To Sam’s horror, when the winds rose, the song rose with them—not from outside, but from somewhere inside her.

As if the song weren’t something trying to get in, but trying to get out.

You could save him. If only you—

Sam shut the song out. No. Not again. She didn’t need it. She could do this herself.

Hel and Sam burst into an expanse of flattened wheat.

There, in the ravenous heart of the storm, stood Lord Lusk, his lantern guttering.

The air soured with the stench of the Wild Hunt, rancid as rotting flesh, with a sulfurous musk about it that stung tears from Sam’s eyes.

She could feel the thrumming of their wings like a vibration in her bones.

This close, it was impossible to mistake them for birds.

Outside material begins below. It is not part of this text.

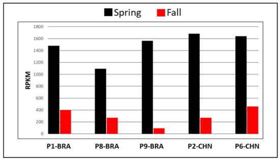 To assess the reproducibility of the RPKM variation observed in this study, we selected five single- or co-infected SCYLV specimens. These samples were imported from diverse geographical locations, allowing us to determine if this variation is independent of germplasm origin or viral genotype (Table 2). HTS analyses showed that samples P1, P8, and P9 were infected with SCYLV-BRA genotype, while samples P2 and P6 were infected with SCYLV-CHN genotype (Table 2 and Table 3). The genomic coverage for all five SCYLV isolates were above 99%, independent of the season during which the analysis was performed. RPKM values obtained from all five samples were higher in spring when compared to the fall season (Figure 4), with a fold increase between 3.58 and 16.80. The seasonal variation in viral titer was independent of viral genotype, germplasm origin, or whether the sample was single-infected (samples P8 and P9) or co-infected with SCMV (samples P1, P2, P6). Similar analysis for other viruses was not possible due to the absence of multiple sugarcane accessions carrying the other six viruses.

You could say they were like angels, if all their glory had gone to ash—their wings of fire snuffed out, leaving only smoke, trailing up into the midnight sky.

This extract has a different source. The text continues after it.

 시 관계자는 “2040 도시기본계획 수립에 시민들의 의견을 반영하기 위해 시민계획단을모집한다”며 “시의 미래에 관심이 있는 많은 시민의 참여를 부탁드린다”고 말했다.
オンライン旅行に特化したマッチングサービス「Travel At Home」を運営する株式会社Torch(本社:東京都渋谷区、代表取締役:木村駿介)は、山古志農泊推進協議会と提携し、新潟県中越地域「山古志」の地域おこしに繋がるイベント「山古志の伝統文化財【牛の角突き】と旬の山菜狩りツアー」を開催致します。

Their skin was shrunken and withered, their stringy flesh clinging to the bone, their fingers blackened and curled into birdlike talons.

But it was their faces that would haunt Sam’s nightmares, more like a plague doctor’s mask than anything human.

Their eyes were overlarge and glassy, their beaks wet with gore, as if they’d been feasting on carrion, and yet, there remained small details of the people they had once been.

A trilby hat. A pocket handkerchief embroidered with a heart. A pair of wire-framed glasses.

“Jack!” Miss Shinagh shouted, the storm swallowing her words as she ran to her fiancé.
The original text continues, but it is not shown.